Tuesday, January 20, 2009
Audacious Hope
We hear the cynics. We travel a treacherous road. We foresee tough days, but emerge heads high, countering fears with strength, resolve and optimism.
We're talking, of course, about Hope's weight. She has finally, officially, surpassed the 10 lbs. barrier, weighing in at the doctor the other day at 10 lbs. 4 oz. For those keeping track at home, that's 15 oz in about five weeks, a nice spurt for someone who took four months to gain 1 lb over the summer.
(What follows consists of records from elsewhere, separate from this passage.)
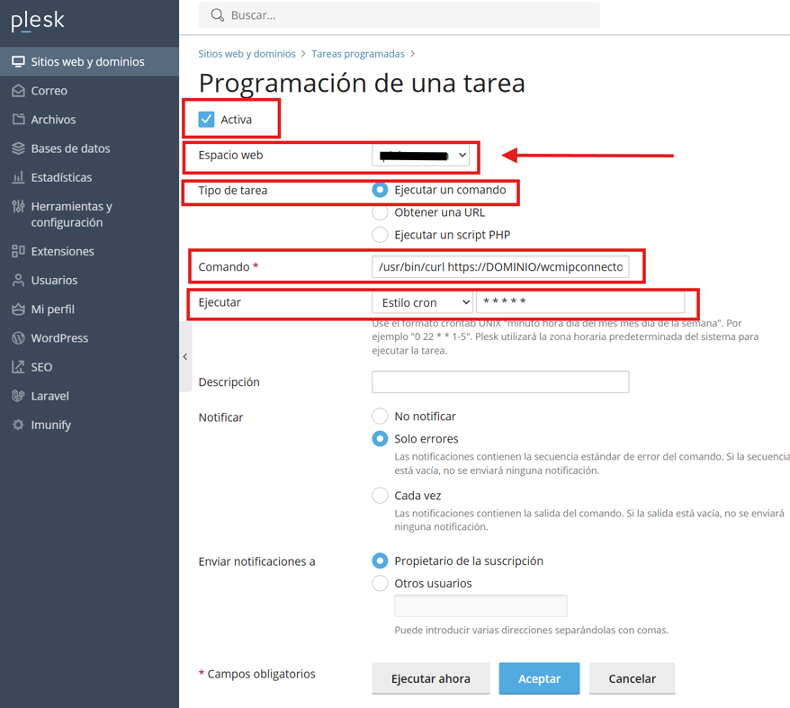 • Activar las siguientes tareas programadas (CRON): Te indicamos cómo más abajo en esta guía.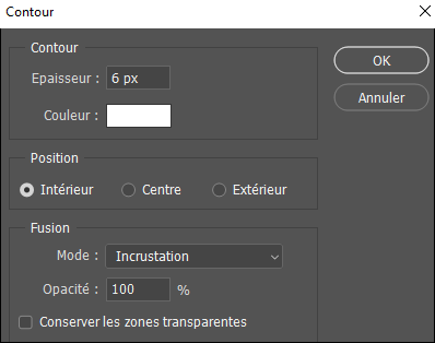 Édition, Contour, 6 pixels en blanc, position intérieure, mode de fusion Incrustation :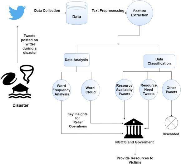 Duringanyemergencysituation,TwitterorFacebookserve asaplatformforinformationdissemination.Location,user, incident type, personal harm, and infrastructure damage areall included in thisdata. The informationindicatesthat the crisis is under control and For rescue operations, damage and location estimation is done. However, it is tough to rescue because of the speed and volume of information that come at one, making it harder to distinguish vital information from irrelevant. Our model aims to automatically extract important information and classifications.

After much experimentation, heated coconut oil and carefully calibrated concoctions, we've switched from formula to Pediasure, which has about 6 calories more an ounce. Plus it tastes awesome, like a warm malted milkshake, rather than the diluted puke water that was her staple.
And like Mom's old saying about watched kettles, we've given up religiously weighing Hope every week, holding our breath as the numbers moved, and then exhaling in frustration in disappointment. We still fret about her weight, and are meeting soon with a pediatric endocrinologist to determine whether hormone therapy would help.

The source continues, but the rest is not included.